Musiał działać jak cacuś przez cały czas, odkąd poddano go inwersji, tyle że wprowadzał w błąd urządzenia namiarowe.
15
Pająków czarne nogi, piekielna czerwień ich serc
— Chryste! — Odwróciłam się i ujrzałam twarz Sida, wyłaniającą się z ekranu niczym barwny relief, zawieszony na szarej ścianie. Wyobraziłam sobie, że znienacka zajrzał przez dziurę w arrasie do sypialni królowej Elżbiety.
Nie miał czasu nacieszyć się wrażeniami, nawet gdyby chciał, bo oto przez ekran przebiło się ramię z miedzianą bransoletą. Kaby dała Sidowi sójkę pod żebra i wprowadziła Liii, którą trzymała za kark. Tuż za nią wkroczyli Erich, Mark i Illy. Zauważyli niebieskie światełko i osłupieli, gapiąc się na obiekt swoich długich poszukiwań. Erich zaszczycił mnie krótkim spojrzeniem, mówiącym: A więc to ty; cóż, to już nieistotne.
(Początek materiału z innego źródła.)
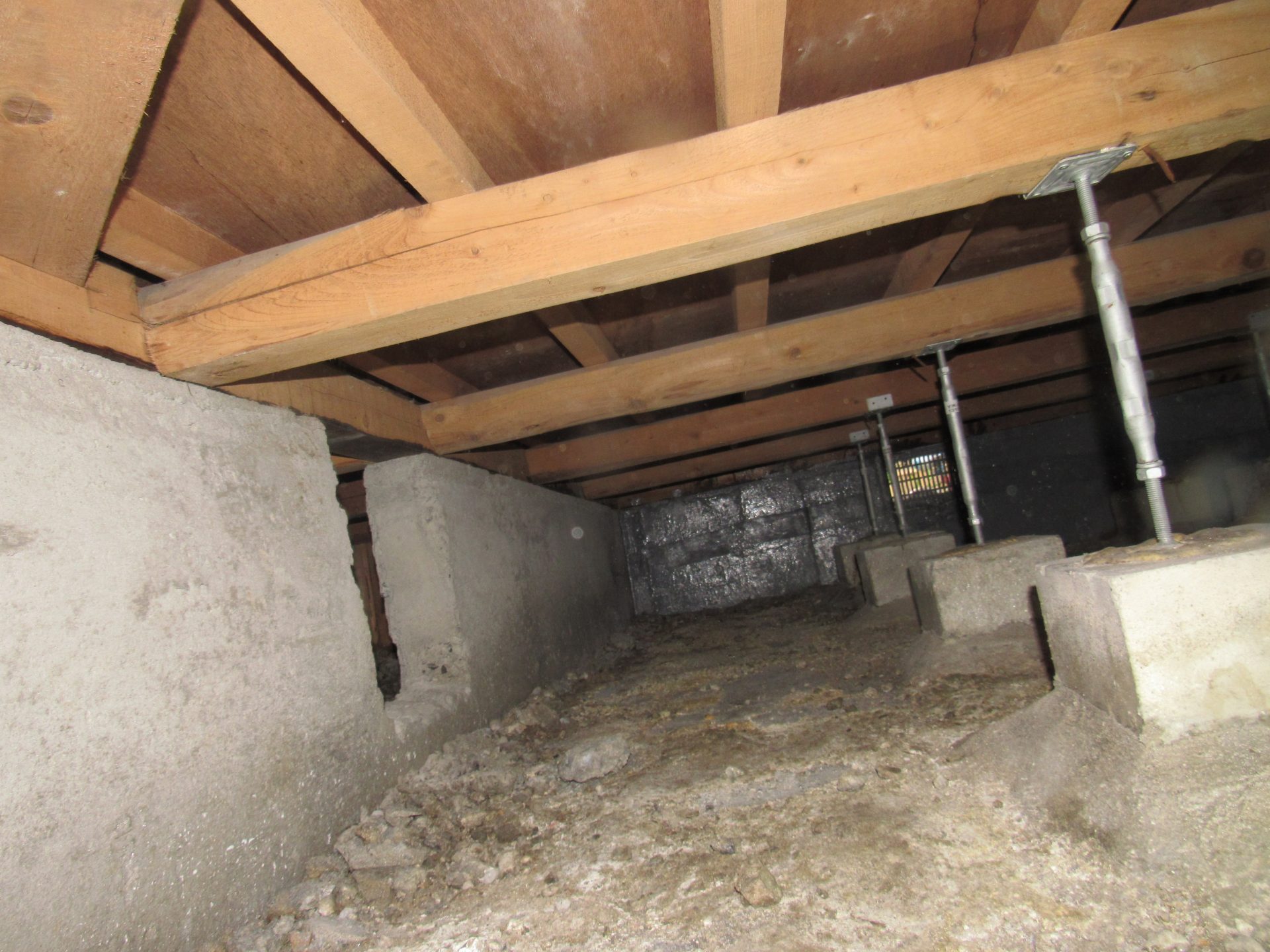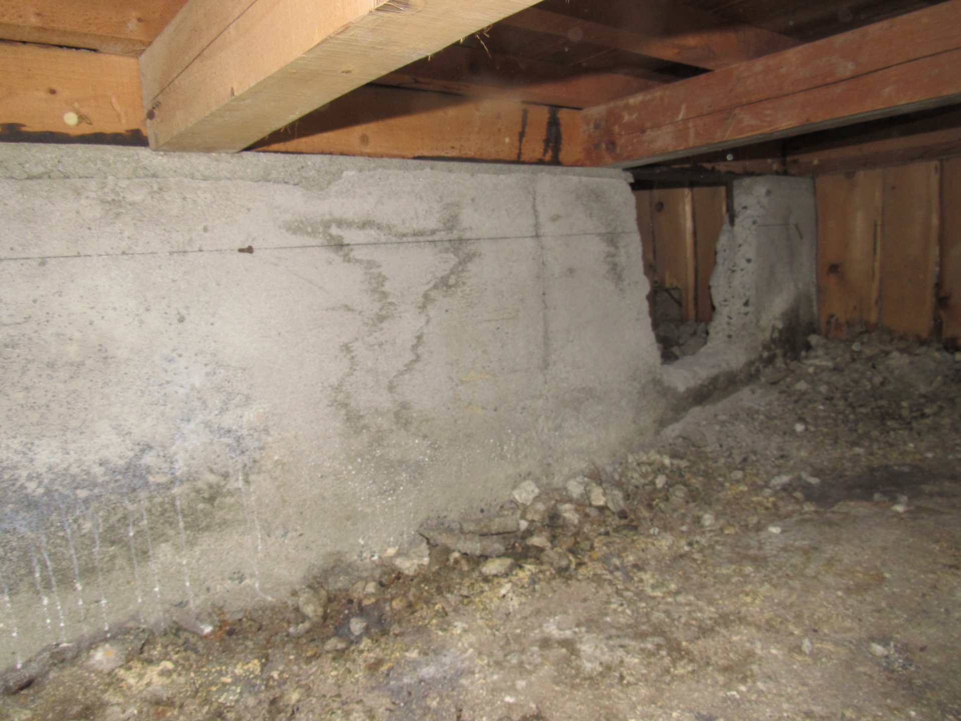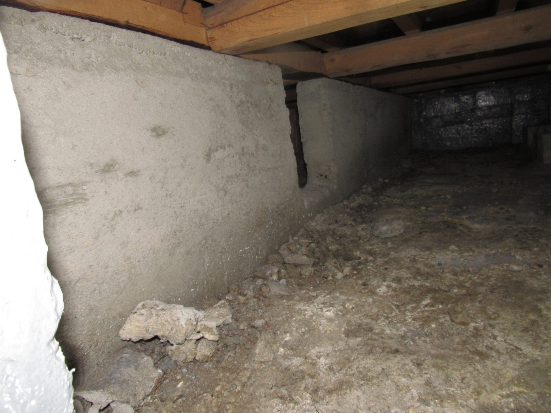 点検口から床下内部に入り基礎の内側に0.3㎜以上のクラックを発見。
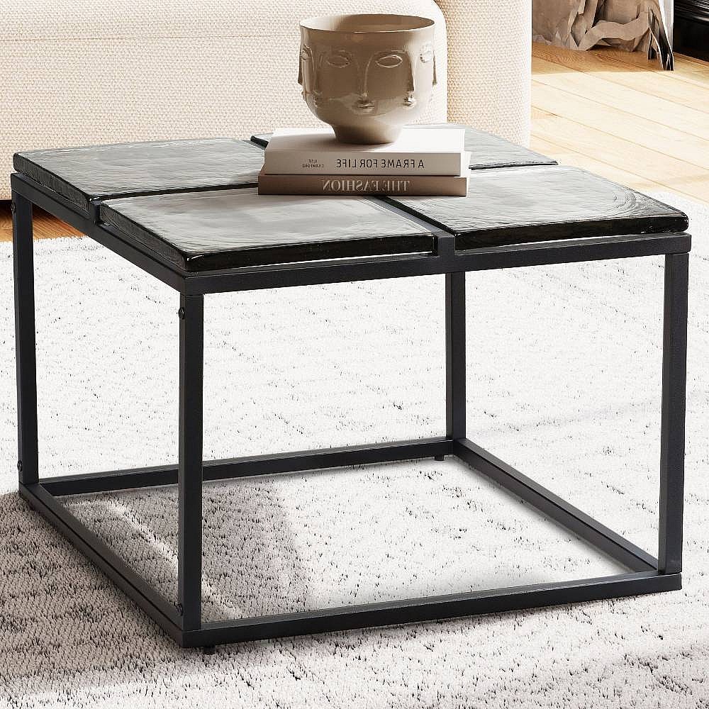 Beistelltisch Couchtisch in quadratischer Form mit Glasplatte

Postąpił krok do przodu, chwycił serwisanta, przycisnął go do lewego boku i z miną człowieka, który otwiera butelkę whisky, sięgnął do przełącznika introwersji.
Niebieskie światełko zgasło. Wiatr zmian uderzył we mnie niczym kieliszek wódki, na który czekałam wieki, albo jazgotliwy grzmot trąbek nie wiadomo skąd.
Czułam, jak przewiewa mnie na wylot zmieniająca się przeszłość, jak z gwizdem odlatuje nawał niepewności, jak topnie je zmrożona na kość rzeczywistość wraz z bagażem obowiązków i powinności, jak posiekane wspomnienia tańczą na podobieństwo jesiennych liści, nie zostawiając za sobą być może nawet duchów. Ogarniały mnie zwariowane nastroje jak w tłusty wtorek wieczorem, gdy tancerze wylegną na ulice. Jakaś cząstka mojej natury odważyła się powiedzieć, że nieważne, czy wiatr niesie śmierć Grety Forzane, i tak jest wspaniale.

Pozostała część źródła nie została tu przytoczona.